Work task: Every line holding the word "like" should be copied from the material.

Dataset excerpts:
--*--
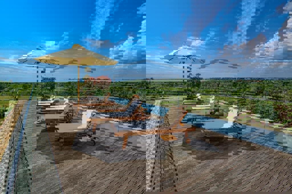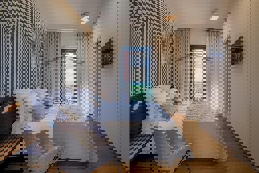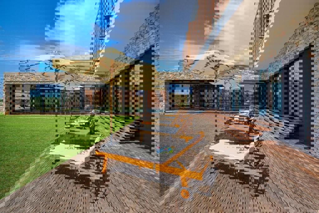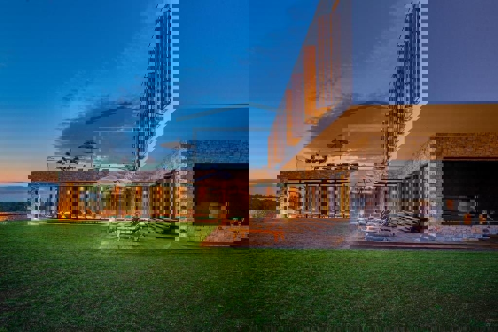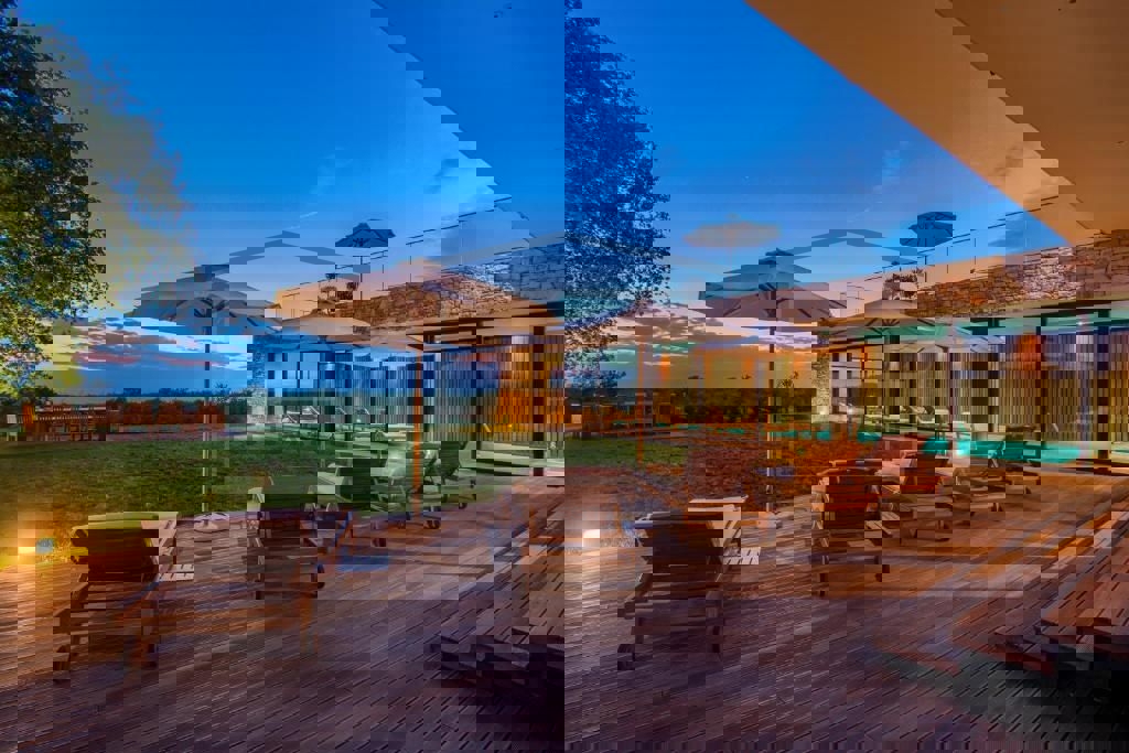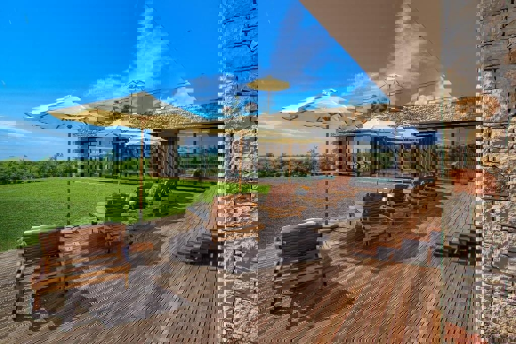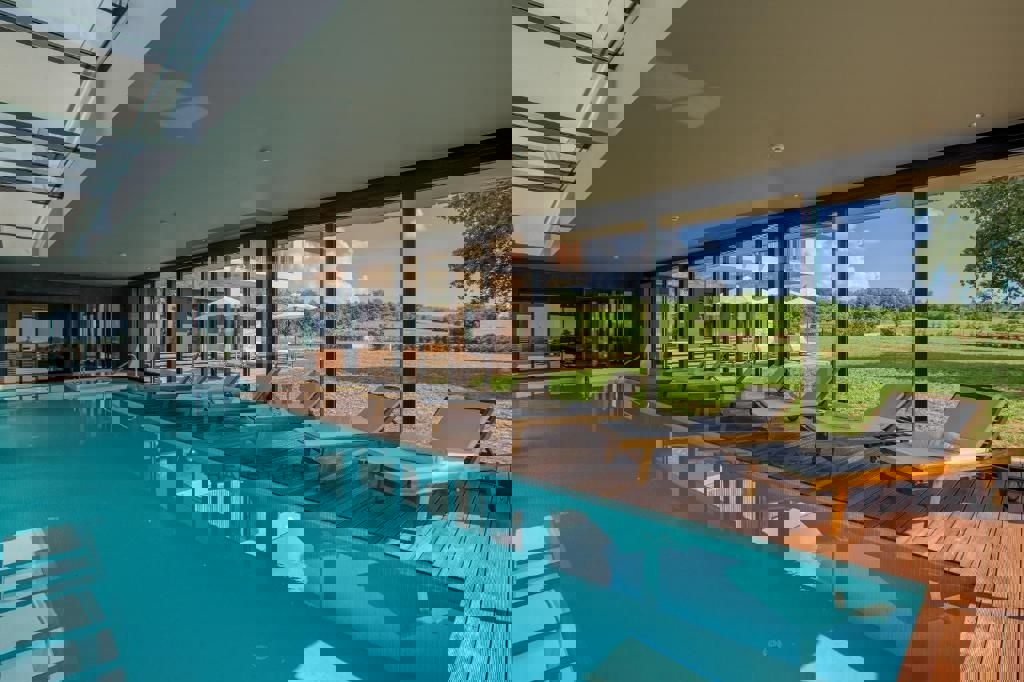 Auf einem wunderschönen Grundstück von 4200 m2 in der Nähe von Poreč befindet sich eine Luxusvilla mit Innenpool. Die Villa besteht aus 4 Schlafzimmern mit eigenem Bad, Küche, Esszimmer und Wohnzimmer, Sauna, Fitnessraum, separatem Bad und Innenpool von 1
--*--
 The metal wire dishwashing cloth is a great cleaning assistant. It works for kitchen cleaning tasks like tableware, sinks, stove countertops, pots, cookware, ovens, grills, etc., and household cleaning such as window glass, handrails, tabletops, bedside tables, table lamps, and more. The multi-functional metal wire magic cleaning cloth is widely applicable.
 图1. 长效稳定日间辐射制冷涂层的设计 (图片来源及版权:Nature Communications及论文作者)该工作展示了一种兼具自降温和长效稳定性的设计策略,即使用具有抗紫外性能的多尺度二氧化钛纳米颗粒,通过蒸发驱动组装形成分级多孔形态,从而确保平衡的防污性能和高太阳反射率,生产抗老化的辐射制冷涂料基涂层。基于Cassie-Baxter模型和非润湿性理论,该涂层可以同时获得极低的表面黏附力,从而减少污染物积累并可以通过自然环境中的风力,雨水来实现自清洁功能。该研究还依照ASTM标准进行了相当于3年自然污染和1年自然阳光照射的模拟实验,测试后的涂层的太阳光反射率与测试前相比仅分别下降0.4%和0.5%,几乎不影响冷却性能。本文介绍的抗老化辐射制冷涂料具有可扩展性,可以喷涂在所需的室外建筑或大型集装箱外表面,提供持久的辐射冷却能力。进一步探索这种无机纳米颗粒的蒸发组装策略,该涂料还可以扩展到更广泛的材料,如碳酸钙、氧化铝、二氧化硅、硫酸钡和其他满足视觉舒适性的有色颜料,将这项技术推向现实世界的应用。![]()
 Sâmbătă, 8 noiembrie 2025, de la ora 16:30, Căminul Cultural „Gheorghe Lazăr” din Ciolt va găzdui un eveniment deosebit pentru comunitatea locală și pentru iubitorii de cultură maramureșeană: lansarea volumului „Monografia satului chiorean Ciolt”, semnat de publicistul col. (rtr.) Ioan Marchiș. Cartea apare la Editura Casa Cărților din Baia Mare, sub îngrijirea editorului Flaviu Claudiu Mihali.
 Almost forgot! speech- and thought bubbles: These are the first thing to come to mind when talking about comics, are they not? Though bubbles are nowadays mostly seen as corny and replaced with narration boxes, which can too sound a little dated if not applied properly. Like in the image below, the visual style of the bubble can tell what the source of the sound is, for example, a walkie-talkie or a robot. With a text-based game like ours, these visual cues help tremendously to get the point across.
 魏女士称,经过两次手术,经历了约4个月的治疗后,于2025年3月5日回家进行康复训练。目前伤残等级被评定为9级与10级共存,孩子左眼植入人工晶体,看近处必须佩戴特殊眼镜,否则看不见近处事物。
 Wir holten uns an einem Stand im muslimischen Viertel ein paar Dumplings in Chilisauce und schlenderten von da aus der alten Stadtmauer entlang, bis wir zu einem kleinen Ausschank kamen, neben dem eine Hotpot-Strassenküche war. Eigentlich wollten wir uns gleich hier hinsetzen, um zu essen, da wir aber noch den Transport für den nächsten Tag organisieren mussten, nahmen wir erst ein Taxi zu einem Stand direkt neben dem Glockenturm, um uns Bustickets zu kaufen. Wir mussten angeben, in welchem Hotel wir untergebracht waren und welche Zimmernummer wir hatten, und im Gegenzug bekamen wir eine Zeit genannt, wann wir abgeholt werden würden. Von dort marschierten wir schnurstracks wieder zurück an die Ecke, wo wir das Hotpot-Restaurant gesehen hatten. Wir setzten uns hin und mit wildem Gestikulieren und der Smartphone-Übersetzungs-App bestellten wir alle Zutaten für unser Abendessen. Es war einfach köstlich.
--*--
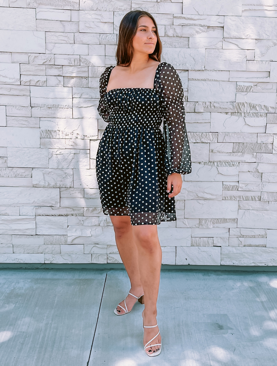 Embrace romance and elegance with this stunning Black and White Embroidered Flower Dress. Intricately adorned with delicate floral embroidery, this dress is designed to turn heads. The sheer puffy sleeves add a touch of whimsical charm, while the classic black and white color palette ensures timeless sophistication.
--*--
Task result:
 The metal wire dishwashing cloth is a great cleaning assistant. It works for kitchen cleaning tasks like tableware, sinks, stove countertops, pots, cookware, ovens, grills, etc., and household cleaning such as window glass, handrails, tabletops, bedside tables, table lamps, and more. The multi-functional metal wire magic cleaning cloth is widely applicable.
 Almost forgot! speech- and thought bubbles: These are the first thing to come to mind when talking about comics, are they not? Though bubbles are nowadays mostly seen as corny and replaced with narration boxes, which can too sound a little dated if not applied properly. Like in the image below, the visual style of the bubble can tell what the source of the sound is, for example, a walkie-talkie or a robot. With a text-based game like ours, these visual cues help tremendously to get the point across.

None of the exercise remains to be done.